Fig. 3. — Inward currents activated by low concentrations of domoate are mediated by KARs. A, In wild-type mice (*left traces*), the inward current activated by domoate (500 nm) was unaffected by low concentrations of NBQX (1 μm). In GluR6-deficient mice (*right traces*), the inward current activated by a larger concentration of domoate was totally blocked by NBQX (1 μm).B, Mean amplitude of inward currents activated by domoate (500 nm, 1, 2, or 5 μm) alone or in the presence of NBQX (1 μm) or NBQX (1 μm) + GYKI 53655 (50 μm) (mean ± SEM,n = 3–11).

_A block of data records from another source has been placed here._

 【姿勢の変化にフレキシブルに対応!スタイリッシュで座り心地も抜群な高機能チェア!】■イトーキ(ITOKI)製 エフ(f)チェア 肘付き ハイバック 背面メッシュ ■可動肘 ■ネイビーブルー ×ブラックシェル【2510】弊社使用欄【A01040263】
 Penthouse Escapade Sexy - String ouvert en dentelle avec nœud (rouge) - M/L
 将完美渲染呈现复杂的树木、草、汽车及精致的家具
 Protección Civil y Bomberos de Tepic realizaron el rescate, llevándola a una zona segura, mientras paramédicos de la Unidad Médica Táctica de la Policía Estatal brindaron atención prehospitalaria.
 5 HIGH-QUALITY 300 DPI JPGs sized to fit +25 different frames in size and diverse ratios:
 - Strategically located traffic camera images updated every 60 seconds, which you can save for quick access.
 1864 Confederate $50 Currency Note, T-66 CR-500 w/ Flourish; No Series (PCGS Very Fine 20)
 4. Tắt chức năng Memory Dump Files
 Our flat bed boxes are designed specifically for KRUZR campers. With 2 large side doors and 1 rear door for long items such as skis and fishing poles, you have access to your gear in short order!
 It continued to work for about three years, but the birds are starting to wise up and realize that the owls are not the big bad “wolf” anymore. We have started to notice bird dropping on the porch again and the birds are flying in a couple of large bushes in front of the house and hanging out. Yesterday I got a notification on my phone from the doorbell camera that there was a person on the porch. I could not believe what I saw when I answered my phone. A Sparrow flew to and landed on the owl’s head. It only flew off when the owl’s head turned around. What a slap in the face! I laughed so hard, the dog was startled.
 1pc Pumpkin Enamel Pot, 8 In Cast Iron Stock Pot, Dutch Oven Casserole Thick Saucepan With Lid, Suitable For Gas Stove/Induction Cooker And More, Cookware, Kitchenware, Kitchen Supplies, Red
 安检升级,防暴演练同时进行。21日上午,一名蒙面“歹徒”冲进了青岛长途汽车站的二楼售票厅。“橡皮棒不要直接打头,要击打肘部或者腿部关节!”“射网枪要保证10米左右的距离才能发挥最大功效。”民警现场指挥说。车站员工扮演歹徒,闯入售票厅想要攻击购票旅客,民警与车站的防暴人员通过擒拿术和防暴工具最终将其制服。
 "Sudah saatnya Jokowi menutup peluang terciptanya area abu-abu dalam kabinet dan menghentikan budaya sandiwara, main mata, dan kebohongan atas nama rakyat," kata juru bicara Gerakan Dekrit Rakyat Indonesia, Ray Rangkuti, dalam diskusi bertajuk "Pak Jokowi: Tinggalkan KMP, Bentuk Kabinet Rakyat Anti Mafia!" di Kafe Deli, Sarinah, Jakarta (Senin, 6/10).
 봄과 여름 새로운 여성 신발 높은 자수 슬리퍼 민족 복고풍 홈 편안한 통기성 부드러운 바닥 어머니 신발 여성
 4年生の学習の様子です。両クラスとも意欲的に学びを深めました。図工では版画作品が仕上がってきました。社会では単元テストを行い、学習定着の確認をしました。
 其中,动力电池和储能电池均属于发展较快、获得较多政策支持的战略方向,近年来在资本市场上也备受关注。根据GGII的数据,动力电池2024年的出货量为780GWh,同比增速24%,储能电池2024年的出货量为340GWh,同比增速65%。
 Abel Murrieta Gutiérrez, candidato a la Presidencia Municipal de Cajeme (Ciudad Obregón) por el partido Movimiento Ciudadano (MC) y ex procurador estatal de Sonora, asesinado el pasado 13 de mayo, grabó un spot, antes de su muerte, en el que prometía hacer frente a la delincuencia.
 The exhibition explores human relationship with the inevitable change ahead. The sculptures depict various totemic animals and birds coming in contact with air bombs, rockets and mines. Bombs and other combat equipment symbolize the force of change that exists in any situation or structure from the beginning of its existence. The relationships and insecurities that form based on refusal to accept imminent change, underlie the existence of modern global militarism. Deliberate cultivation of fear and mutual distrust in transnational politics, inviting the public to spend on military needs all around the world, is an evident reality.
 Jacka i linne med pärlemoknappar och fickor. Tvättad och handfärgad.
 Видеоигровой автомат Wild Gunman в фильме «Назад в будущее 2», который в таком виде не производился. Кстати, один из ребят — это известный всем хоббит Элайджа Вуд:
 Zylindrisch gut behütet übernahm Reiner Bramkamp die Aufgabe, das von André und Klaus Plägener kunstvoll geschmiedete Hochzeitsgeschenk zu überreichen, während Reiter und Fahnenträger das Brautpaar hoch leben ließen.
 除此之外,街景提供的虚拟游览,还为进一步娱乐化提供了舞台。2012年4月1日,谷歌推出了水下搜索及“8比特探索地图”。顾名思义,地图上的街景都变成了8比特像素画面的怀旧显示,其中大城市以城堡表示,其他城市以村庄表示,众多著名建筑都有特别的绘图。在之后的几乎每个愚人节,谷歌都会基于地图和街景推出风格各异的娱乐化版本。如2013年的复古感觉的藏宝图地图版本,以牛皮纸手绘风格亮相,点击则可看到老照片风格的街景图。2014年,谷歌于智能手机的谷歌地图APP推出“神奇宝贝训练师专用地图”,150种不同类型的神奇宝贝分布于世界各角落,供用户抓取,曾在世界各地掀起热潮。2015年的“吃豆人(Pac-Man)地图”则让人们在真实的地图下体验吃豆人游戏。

NBQX, a competitive antagonist at both AMPARs and KARs, was shown to be more potent on AMPARs than on KARs in hippocampal CA1 neurons in the slice preparation (Bureau et al., 1999). Accordingly, NBQX (1 μm) did not affect the amplitude of currents evoked in wild-type mice by low concentrations of domoate (500 nm, Fig. 3). Bath application of GYKI 53655 (50 μm), a selective AMPAR antagonist (Paternain et al., 1995), in the presence of NBQX (1 μm) did not affect this current either (Fig.3B). The amplitude of currents evoked by 1 μm domoate was decreased in the presence of NBQX (1 μm), suggesting that AMPARs are also activated at this and higher concentrations of domoate. In GluR6-deficient mice, inward currents evoked by domoate (2 and 5 μm) were totally blocked by NBQX (1 μm, Fig. 3), indicating that domoate only evokes AMPAR-mediated currents in these mice. These results demonstrate the presence of functional KARs assembled with the GluR6 subunit in the striatum that can be activated by low concentrations of domoate.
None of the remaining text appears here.